Kabocha Pumpkin, Black Truffle, Holy Basil, Xeres (Pic: Saint Pierre)
Kabocha Pumpkin, Black Truffle, Holy Basil, Xeres (Pic: Saint Pierre)

Saint Pierre
Two MICHELIN Stars, MICHELIN Guide Singapore 2019

Kabocha Pumpkin, Black Truffle, Holy Basil, Xeres
The proverbial icing on top of the cake for Saint Pierre’s 20th anniversary in Singapore next year is its recent promotion to two MICHELIN stars in the MICHELIN Guide Singapore 2019 edition. Given his two decades of living in Asia, Belgium-born Emmanuel Stroobant’s spin on modern French cuisine comes with pronounced Asian touches, best expressed in this seasonal signature dish that combines sweet pumpkin with earthy black truffle. A terrine of pumpkin and truffle is topped with truffle puree while a jelly made with Xeres sherry vinegar adds a touch of acidity. The vegetarian dish is beautifully plated before being finished at the table with hot pumpkin soup. “This dish is a favourite of mine because it defines me as a vegetarian and as a European who has lived in Asia for half my life,” says the chef.

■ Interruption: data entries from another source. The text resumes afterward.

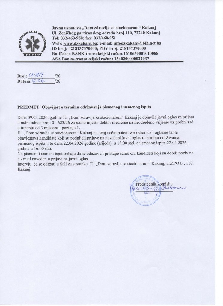 OBAVIJEST O TERMINU ODRŽAVANJA PISMENOG I USMENOG ISPITA-POZICIJA 1
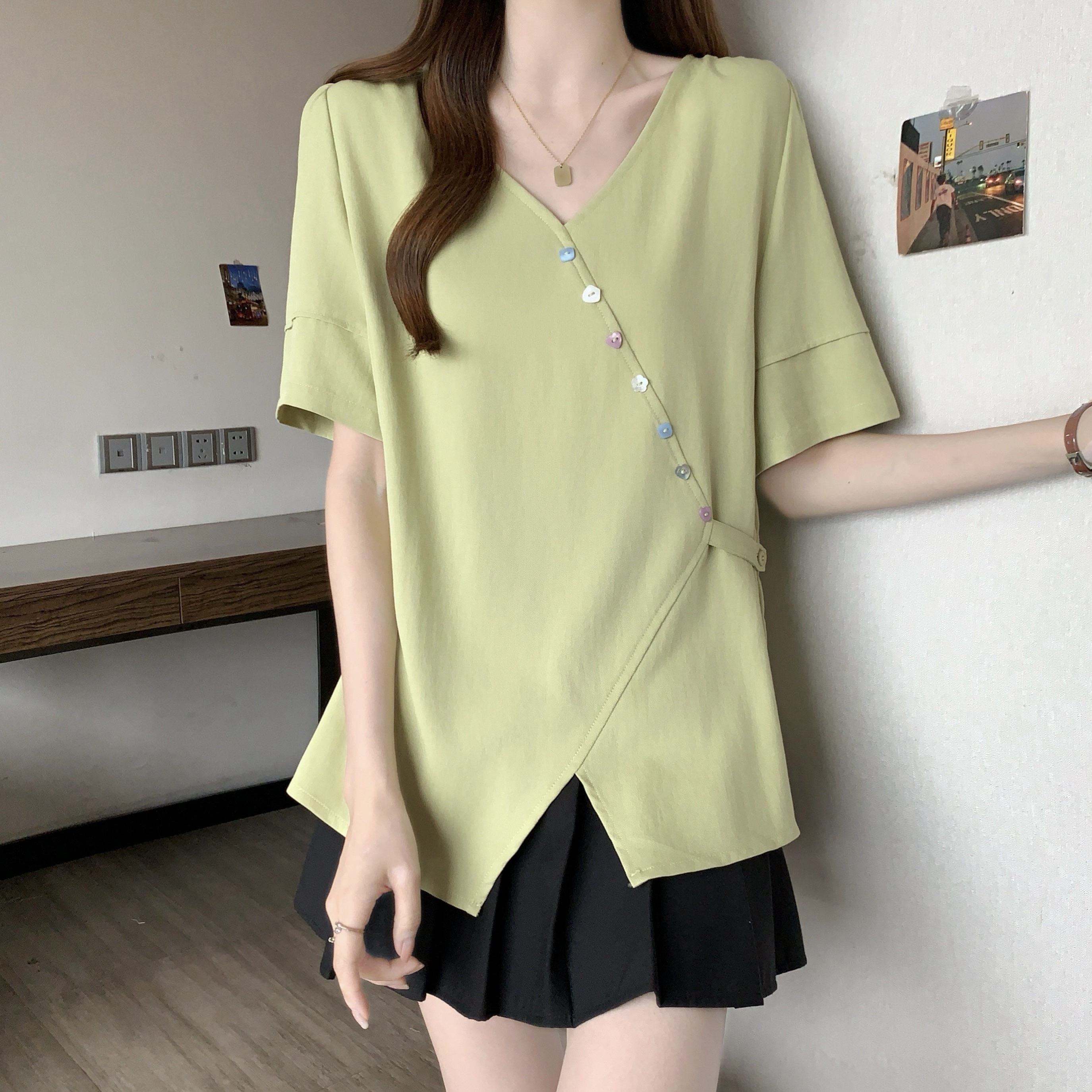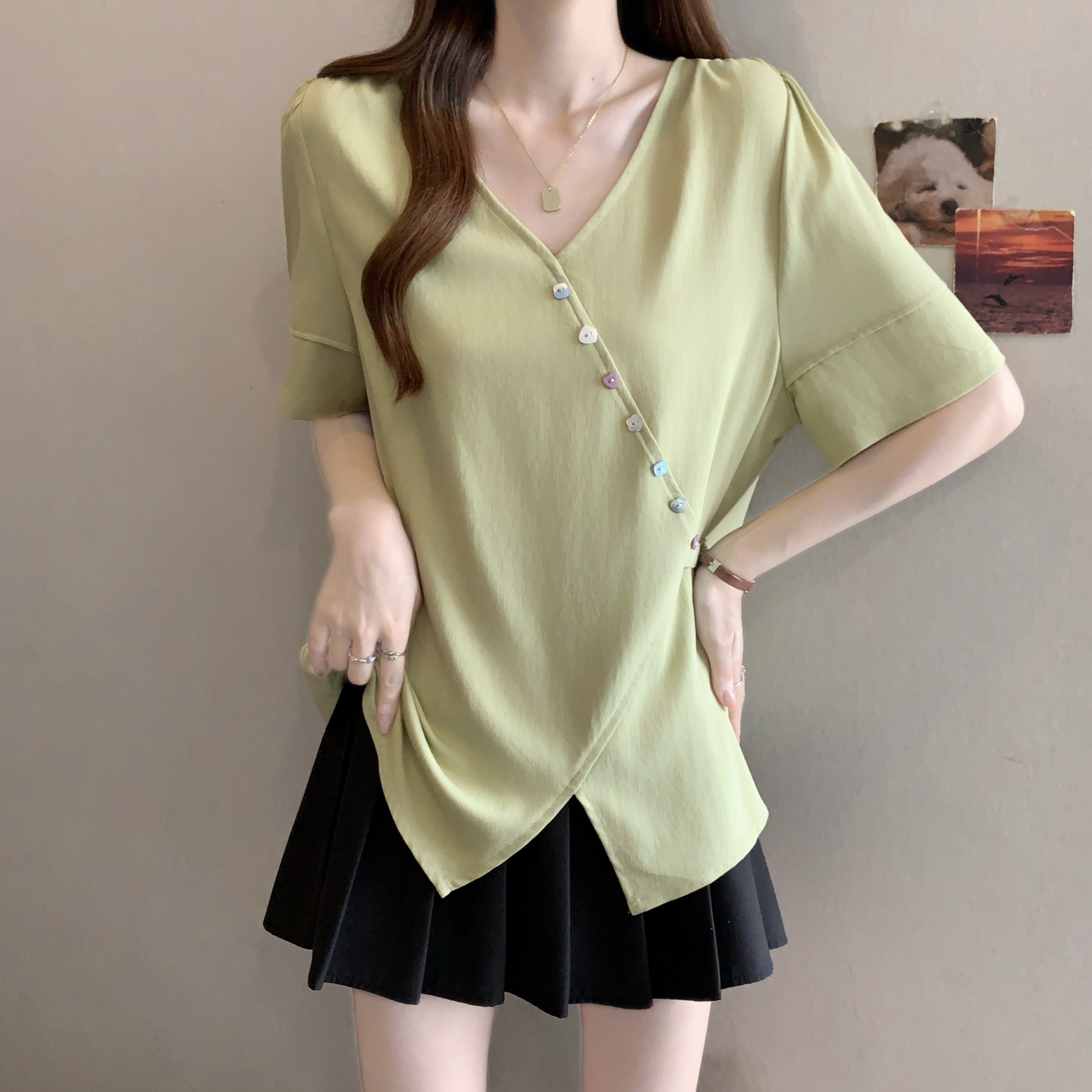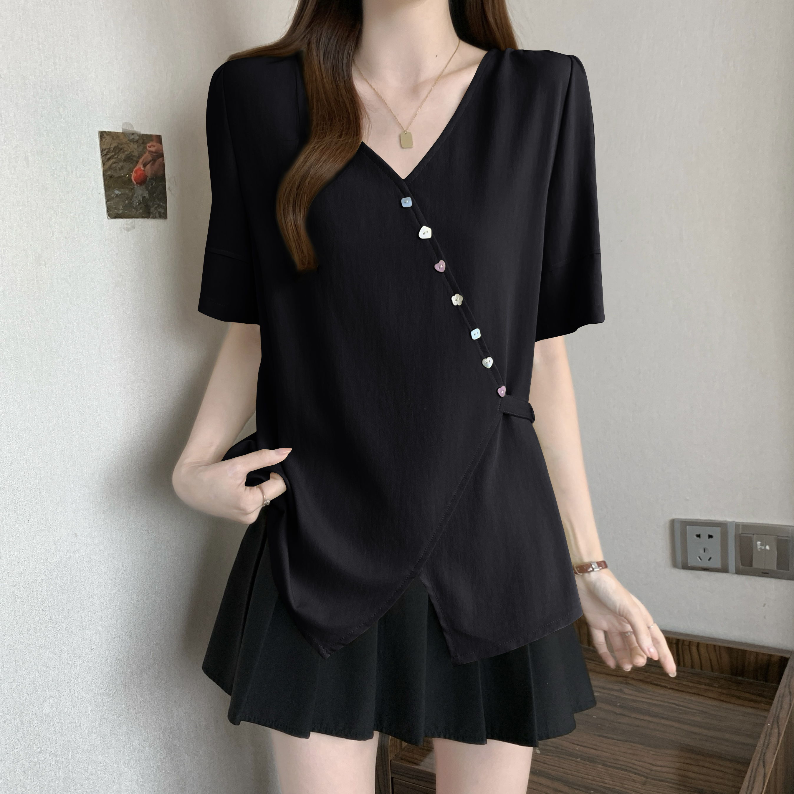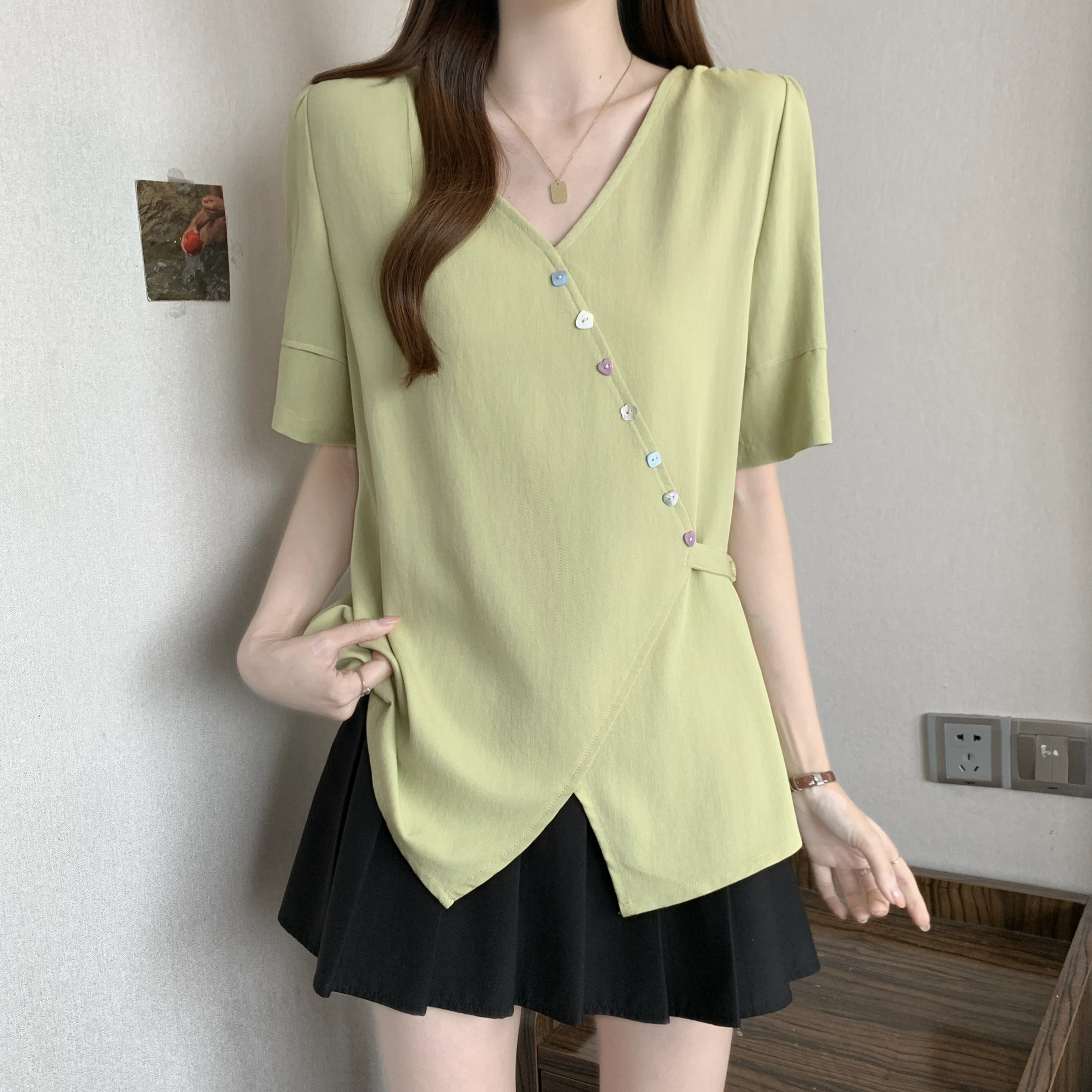 실사 빅 사이즈 새로운 디자인 센스 불규칙 긍정적 인 어깨 지방 mm 표지 고기 슬림해 보이는 패션 반팔 티셔츠 여성
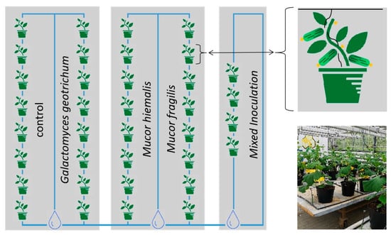 C. sativus plants (F1 hybrids) of the cultivar ‘Platina’ (Nunhems Germany GmbH, Marbach, Germany) were grown in 10 L soil pots (Substrat 1, Klasmann-Deilmann GmbH, Geeste, Germany) under greenhouse conditions. Universal fertilizer WUXAL® (Wilhelm Haug GmbH & Co. KG, Düsseldorf, Germany) was applied weekly starting with the 6th week after sowing (100 mL of 1:1000 Fertilizer–water solution). Plant irrigation was performed by drip irrigation and was adjusted to the plant growth and climate. Blossoms of eight cucumber plants were inoculated with one of the three fungi M. hiemalis, M. fragilis, or G. geotrichum by spraying the spore suspension (see Section 2.3.2). Blossoms of four plants were inoculated with a mixed spore solution of all three fungi. Eight additional untreated plants served as controls. Plants with the same treatment were grown side by side and spaced apart from plants with different treatments and control. The experimental design is shown in Figure 1. Phenotypic characteristics of all plants were visually assessed each week to record the size (up to week 5 after sowing), yield, and presence of disease symptoms on leaves, flowers, and fruits.

Sweet And Sour Pork With Pineapple (Pic: Jiang-Nan Chun)
Sweet And Sour Pork With Pineapple (Pic: Jiang-Nan Chun)
Jiang-Nan Chun
One MICHELIN star, MICHELIN Guide Singapore 2019

Sweet And Sour Pork With Pineapple

“I knew being in the kitchen was my calling from a young age as it allows me to convey my passion for food while showcasing my culinary skills,” says Macau-born chef Tim Lam. Over the past 24 years, he honed his Cantonese cooking craft in top Chinese restaurants in Hong Kong before relocating to Singapore to helm Cantonese restaurant Jiang-Nan Chun in Four Seasons Singapore. Lam’s philosophy of bringing out the best in seasonal produce manifests in his signature Sweet And Sour Pork, a cornerstone of Cantonese cuisine. His version comprises Spanish Duroc pork cubes deep-fried to give them a wafer-thin crust, before being coated in a tangy orange-red sauce. Shards of house-made candied ginger add a special touch to this dish, and help to round off each bite with a hint of spice and heat.
Beef Tartare, Bone Marrow, Beluga Capers (Pic: Braci)
Beef Tartare, Bone Marrow, Beluga Capers (Pic: Braci)
Braci
One MICHELIN star, MICHELIN Guide Singapore 2019

Beef Tartare, Bone Marrow, Beluga Capers
Up on the fifth floor of a charming heritage shophouse overlooking the Singapore River is Braci, a cosy 20-seater restaurant that chef-restaurateur Beppe De Vito calls his culinary playground. The menu here is deeply personal, inspired by the chef’s Italian heritage growing up in Puglia, his Mediterranean roots and his travels through Asia, with an emphasis on ingredient provenance. “Beef tartare is a classic dish, but at Braci, the way we execute it is a reflection of my culinary ethos, which is to respect and fully utilise every single bit of an ingredient and to be efficient and thoughtful. We source for the best quality ingredients and repurpose all the ingredients as much as we can in our menu,” he explains. “In this dish, we use the hollowed-out bone to cradle the beef tartare, presenting it in a more unconventional and innovative fashion. This elevates the aesthetics and is representative of our modern approach to Italian cuisine at Braci." It is topped off with bone marrow and capers for a kiss of creaminess and umami.